Question

Refer to Exercise $38$.

a. Find the probability of getting a difference in sample means x¯M−x¯W$\overline{x}M-\overline{x}W$that’s greater than $2$inches.

b. Should we be surprised if the sample mean height for the young men is at least$2$ inches greater than the sample mean height for the young women? Explain your answer.

Short answer

Part a. The probability is $0.9949$

Part b. No.

Step-by-step solution

Part a. Step 1. Given information

From the previous exercise, we have:

$$\begin{gathered} \mu =4.8 \\ \sigma =1.0883 \\ x=2 \end{gathered}$$

Part a. Step 2. Explanation

The $z$ score is the value decreased by the mean and divided by the standard deviation. Then we have,

$$\begin{gathered} z=\frac{x-\mu }{\sigma } \\ =\frac{2-4.8}{1.0883} \\ =-2.57 \end{gathered}$$

Now we will determine the value of the probability, that is:

$$\begin{gathered} P({\overline{x}}_M-{\overline{x}}_W\ge 2)=P(Z>-2.57) \\ =1-P(Z<-2.57) \\ =1-0.0051 \\ =0.9949 \\ =00.49\% \end{gathered}$$

Part b.
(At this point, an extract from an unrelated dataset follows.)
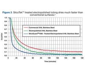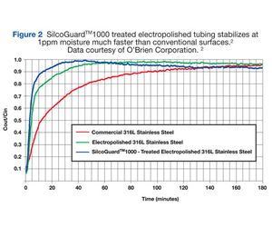 Gas transfer systems serving the semiconductor industry require low moisture content. Data for wet-up and dry-down experiments, measuring the relative response time for moisture content change in treated electropolished stainless steel tubing and standard 316L stainless steel tubing demonstrates a great advantage in using SilcoGuard 1000 treated versus untreated tubing.

Step 1. Explanation

It is given that:

$$\begin{gathered} z=\frac{x-\mu }{\sigma } \\ =\frac{2-4.8}{1.0883} \\ =-2.57 \end{gathered}$$

And the probability is $0.9949$.

Thus, a probability is considered to be small when the probability is less than $0.05$.
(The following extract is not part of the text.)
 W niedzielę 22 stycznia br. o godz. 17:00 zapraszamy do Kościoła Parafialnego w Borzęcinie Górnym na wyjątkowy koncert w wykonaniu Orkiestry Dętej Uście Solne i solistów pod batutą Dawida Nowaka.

We then note that the probability of the mean difference${\overline{x}}_M-{\overline{x}}_W$ being at least two is large which means that it is unlikely that the mean difference is at least two and thus we would be not be surprised if the sample mean height for the young men is at least two inches greater than the sample mean height for the young women. Thus, we should not be surprised.